3 | -2/(3π) | -1/(3π) |

4 | 0 | 0 |

5 | 2/(5π) | 1/(5π) |

6 | 0 | 0 |

7 | -2/(7π) | -1/(7π) |

#### Values of the negative coefficients

The sinc function is an even function; for negative values of $n$ it takes the same values as for positive values of $n$.

#### Fourier series

Now that we have the coefficients $d_n$, we can write the terms of the Fourier series by applying the expression. \begin{equation} f(t) = \left[… -1/(3π) \cdot e^{-j2π3f0t} + 1/π \cdot e^{-j2πf0t} + 1/2 + 1/π \cdot e^{j2πf0t} -1/(3π) \cdot e^{j2π3f0t} + …\right] \end{equation}

#### Real function of the Fourier series

Although the previous expression is already a Fourier series, it is a sum of complex exponentials; we can rearrange the expression to get the same function expressed in sines and cosines.

#### Group terms

We can group symmetrical terms: \begin{equation} f(t) = [1/2 + 1/π \cdot (e^(j2πf0t)+e^(-j2πf0t)) - 2/(3π) \cdot (e^(j2π3f0t)+e^(-j2π3f0t)) + …] \end{equation}

#### Series formed by cosines

Now it’s easier to see that the series is formed by cosines. Applying the expression of the cosine as the sum of complex exponentials: \begin{equation} f(t) = [1/2 + 2/π \cdot (e^(j2πf0t)+e^(-j2πf0t))/2 - 2/(3π) \cdot (e^(j6πf0t)+e^(-j2π3f0t))/2 + …] = [1/2 + 2/π \cdot cos(2πf0t) - 2/(3π) * cos(6πf0t) + …] \end{equation}

#### Summation

\begin{equation} f(t) = 1/2 \cdot \sum_{n=1}^\infty ((-2(-1)^n) / (2n-1)\pi) \cdot cos(2 \cdot (2n-1) \cdot \pi f0 t) \end{equation}

#### Graphical representation**

If we superimpose the original signal on the terms of the obtained series, we see that the series resembles the original signal more and more as we add terms.

As we add terms to the series, it increasingly resembles the original signal.

### Conclussions

The Fourier series has allowed us to express a periodic signal, which was a piecewise function (a square wave), as the sum of sine and cosine functions, i.e., harmonic functions, which are easier to handle mathematically.

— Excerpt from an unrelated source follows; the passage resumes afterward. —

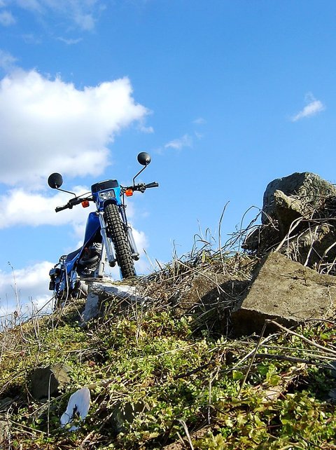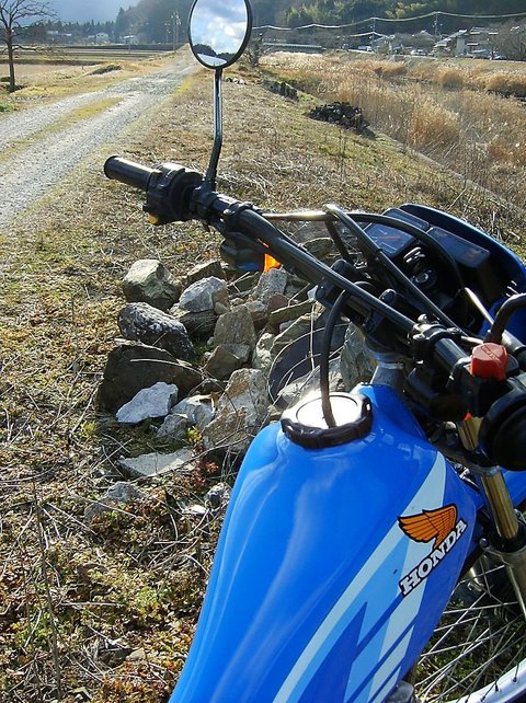 1時間ほど,ウイリーの練習したり,川土手を降りたり上ったり,で遊びました。石を積んでいるところはなかなかスリリングです。無理はできないけど。転ぶの嫌だし。

This analysis is used in many areas of engineering, such as linear system analysis, signal and system analysis, digital signal processing, telecommunications, electronics, acoustics, and so on.

The Fourier coefficients are a representation in the frequency domain of the original signal, which is also of interest in many contexts. In this example, we have observed that the odd frequencies have more importance, while the even frequencies do not contribute.

Finally, it is important to highlight that the Fourier series converges to the original signal when the number of terms tends to infinity. However, in practice, a fairly good approximation of the original signal can be obtained with a finite number of terms, as demonstrated in the last figure. The choice of the number of terms to use depends on the level of precision required and the computational limitations.